THE next part of our problem was the hardest of all: how to roll aside, pull down or break open, that gigantic slab. As we gazed up at it towering above our heads, it looked indeed a hopeless task for our tiny strength.

But the sounds of life from inside the mountain had put new heart in us. And in a moment we were all scrambling around trying to find any opening or crevice which would give us something to work on. Chee-Chee scaled up the sheer wall of the slab and examined the top of it where it leaned against the mountain's side; I uprooted bushes and stripped off hanging creepers that might conceal a weak place; the Doctor got more leaves and composed new picture-letters for the Jabizri to take in if he should turn up again; whilst Polynesia carried up a handful of nuts and pushed them into the beetle's hole, one by one, for the prisoners inside to eat.

"Nuts are so nourishing," she said.

But Jip it was who, scratching at the foot of the slab like a good ratter, made the discovery which led to our final success.

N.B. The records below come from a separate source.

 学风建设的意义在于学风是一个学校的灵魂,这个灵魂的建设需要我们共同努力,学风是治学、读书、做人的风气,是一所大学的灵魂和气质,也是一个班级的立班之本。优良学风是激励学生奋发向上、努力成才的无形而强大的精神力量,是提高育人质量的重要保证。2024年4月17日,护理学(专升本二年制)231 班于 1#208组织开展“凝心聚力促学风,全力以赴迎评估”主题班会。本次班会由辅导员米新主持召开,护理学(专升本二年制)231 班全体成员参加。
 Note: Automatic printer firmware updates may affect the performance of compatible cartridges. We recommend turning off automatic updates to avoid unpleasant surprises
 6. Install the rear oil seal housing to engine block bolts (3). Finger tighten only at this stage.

"Doctor," he cried, running up to John Dolittle with his nose all covered with black mud, "this slab is resting on nothing but a bed of soft earth. You never saw such easy digging. I guess the cave behind must be just too high up for the Indians to reach the earth with their hands, or they could have scraped a way out long ago. If we can only scratch the earth-bed away from under, the slab might drop a little. Then maybe the Indians can climb out over the top."

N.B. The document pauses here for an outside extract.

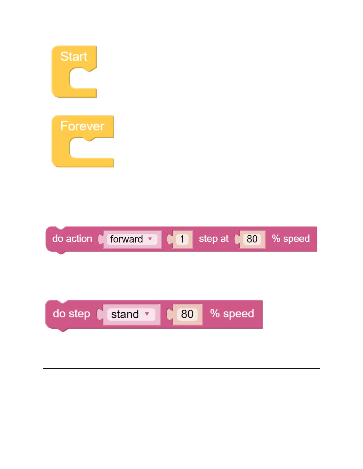 All Ezblock projects contain these two blocks. The Start block runs at the beginning of the program and is executed
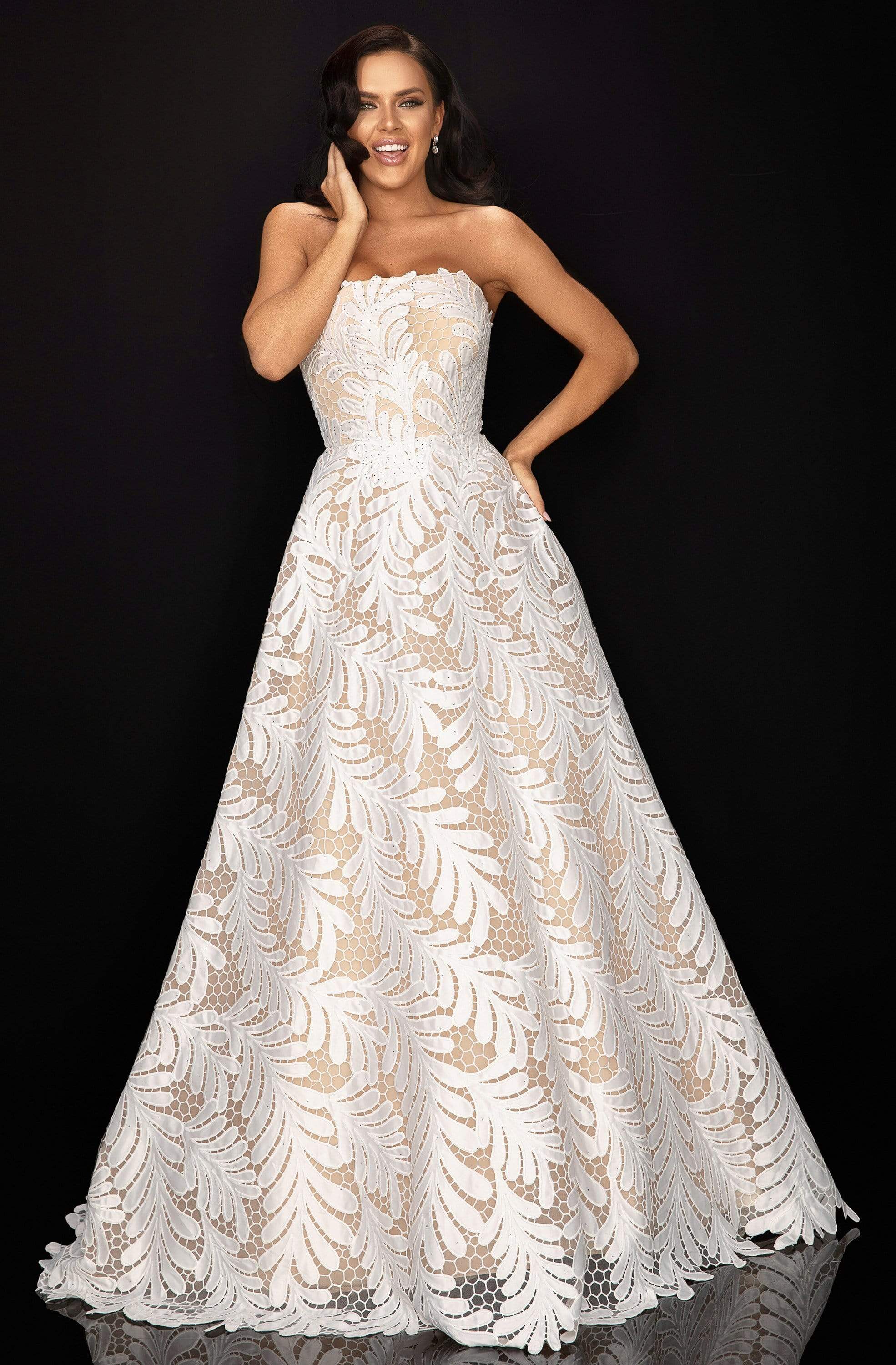 Be strikingly beautiful in this lovely Terani Couture 2011P1183 evening dress. A strapless straight across neckline crowns the fitted bodice, complemented with a straight mid-open back. The whole ensemble is designed in leaf-like over net fabric as the skirt parades a ballgown silhouette that falls to a full length hemline. Strike a pose as you enter the room in this exquisite Terani Couture piece. Model is wearing Ivory Nude color.

The Doctor hurried to examine the place where Jip had dug.

"Why, yes," he said, "if we can get the earth away from under this front edge, the slab is standing up so straight, we might even make it fall right down in this direction. It's well worth trying. Let's get at it, quick."

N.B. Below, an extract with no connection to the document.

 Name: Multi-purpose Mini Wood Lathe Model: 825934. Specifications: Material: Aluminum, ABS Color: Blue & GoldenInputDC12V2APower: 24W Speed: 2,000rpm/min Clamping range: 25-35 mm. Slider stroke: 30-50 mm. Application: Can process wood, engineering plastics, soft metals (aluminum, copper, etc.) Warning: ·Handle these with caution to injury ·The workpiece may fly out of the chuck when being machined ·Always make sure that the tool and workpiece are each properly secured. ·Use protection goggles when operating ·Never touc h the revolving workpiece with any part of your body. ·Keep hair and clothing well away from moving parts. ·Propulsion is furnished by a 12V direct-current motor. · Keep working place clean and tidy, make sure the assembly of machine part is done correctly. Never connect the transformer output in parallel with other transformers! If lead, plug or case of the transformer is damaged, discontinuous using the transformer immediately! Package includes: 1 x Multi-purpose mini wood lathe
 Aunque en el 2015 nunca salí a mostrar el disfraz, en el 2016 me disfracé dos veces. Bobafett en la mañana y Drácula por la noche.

We had no tools but the sticks and slivers of stone which we could find around. A strange sight we must have looked, the whole crew of us squatting down on our heels, scratching and burrowing at the foot of the mountain, like six badgers in a row.

After about an hour, during which in spite of the cold the sweat fell from our foreheads in all directions, the Doctor said, "Be ready to jump from under, clear out of the way, if she shows signs of moving. If this slab falls on anybody, it will squash him flatter than a pancake."

Presently there was a grating, grinding sound.

"Look out!" yelled John Dolittle, "here she comes!--Scatter!"

We ran for our lives, outwards, toward the sides. The big rock slid gently down, about a foot, into the trough which we had made beneath it. For a moment I was disappointed, for like that, it was as hopeless as before-- no signs of a cave-mouth showing above it. But as I looked upward, I saw the top coming very slowly away from the mountainside. We had unbalanced it below.

As it moved apart from the face of the mountain, sounds of human voices, crying gladly in a strange tongue, issued from behind.

Faster and faster the top swung forward, downward. Then, with a roaring crash which shook the whole mountain-range beneath our feet, it struck the earth and cracked in halves.

How can I describe to any one that first meeting between the two greatest naturalists the world ever knew, Long Arrow, the son of Golden Arrow and John Dolittle, M.D., of Puddleby-on-the-Marsh?

The scene rises before me now, plain and clear in every detail, though it took place so many, many years ago. But when I come to write of it, words seem such poor things with which to tell you of that great occasion.

I know that the Doctor, whose life was surely full enough of big happenings, always counted the setting free of the Indian scientist as the greatest thing he ever did. For my part, knowing how much this meeting must mean to him, I was on pins and needles of expectation and curiosity as the great stone finally thundered down at our feet and we gazed across it to see what lay behind.

The gloomy black mouth of a tunnel, full twenty feet high, was revealed. In the centre of this opening stood an enormous red Indian, seven feet tall, handsome, muscular, slim and naked--but for a beaded cloth about his middle and an eagle's feather in his hair. He held one hand across his face to shield his eyes from the blinding sun which he had not seen in many days.

"It is he!" I heard the Doctor whisper at my elbow. "I know him by his great height and the scar upon his chin."

And he stepped forward slowly across the fallen stone with his hand outstretched to the red man.